• Task instructions: Every line from the one containing "Поддержка:1. Сопровождение и" through the end of the listing below goes in the output, exactly and without pictures.
Given data START
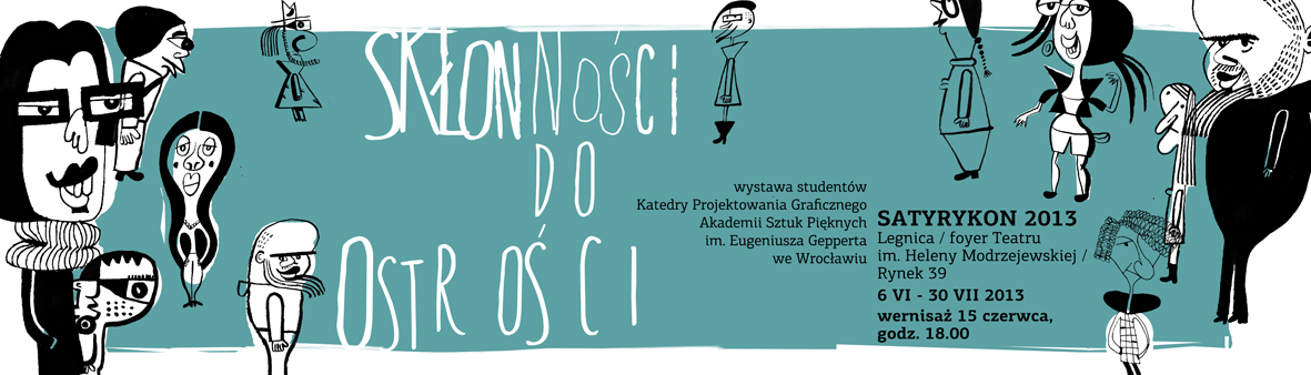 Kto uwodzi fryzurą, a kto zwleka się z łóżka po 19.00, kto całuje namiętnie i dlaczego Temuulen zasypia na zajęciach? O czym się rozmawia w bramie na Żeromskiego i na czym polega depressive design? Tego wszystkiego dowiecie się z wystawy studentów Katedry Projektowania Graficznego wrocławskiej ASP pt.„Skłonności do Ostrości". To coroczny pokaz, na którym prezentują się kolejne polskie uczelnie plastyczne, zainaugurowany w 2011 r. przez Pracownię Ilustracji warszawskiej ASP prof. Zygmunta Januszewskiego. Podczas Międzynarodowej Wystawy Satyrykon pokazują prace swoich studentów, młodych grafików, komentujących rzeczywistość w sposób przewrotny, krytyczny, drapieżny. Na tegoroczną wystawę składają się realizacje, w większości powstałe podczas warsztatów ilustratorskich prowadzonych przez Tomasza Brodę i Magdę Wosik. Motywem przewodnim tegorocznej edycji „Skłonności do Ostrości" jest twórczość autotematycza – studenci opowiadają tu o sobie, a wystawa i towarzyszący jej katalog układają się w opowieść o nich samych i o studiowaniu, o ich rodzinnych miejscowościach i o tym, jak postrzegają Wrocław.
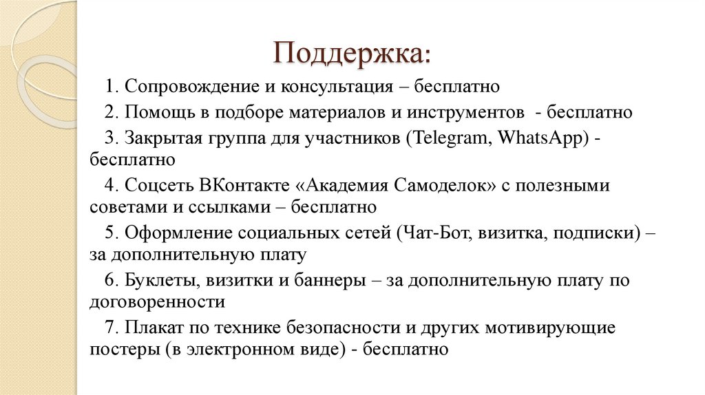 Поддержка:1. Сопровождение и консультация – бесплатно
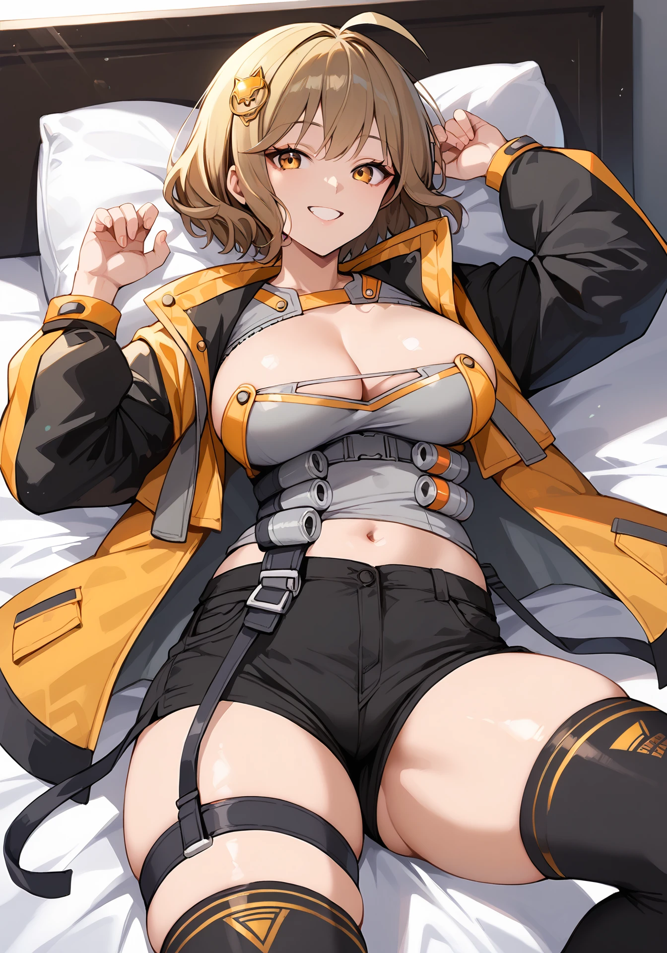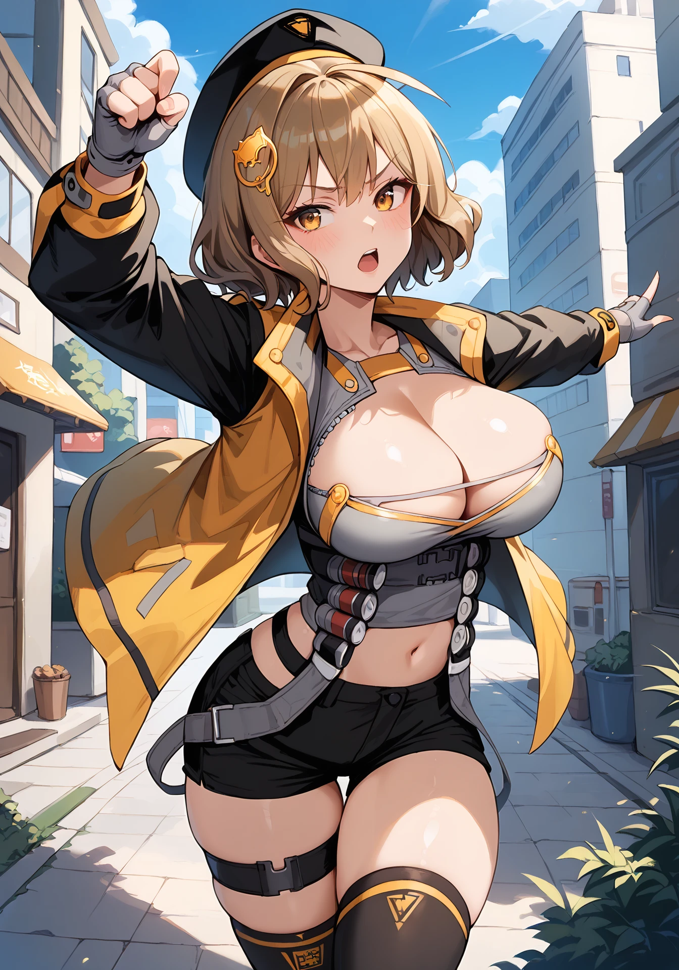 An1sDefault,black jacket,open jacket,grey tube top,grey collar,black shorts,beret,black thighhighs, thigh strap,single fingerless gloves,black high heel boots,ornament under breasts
Given data END
• Result:
 Поддержка:1. Сопровождение и консультация – бесплатно
 An1sDefault,black jacket,open jacket,grey tube top,grey collar,black shorts,beret,black thighhighs, thigh strap,single fingerless gloves,black high heel boots,ornament under breasts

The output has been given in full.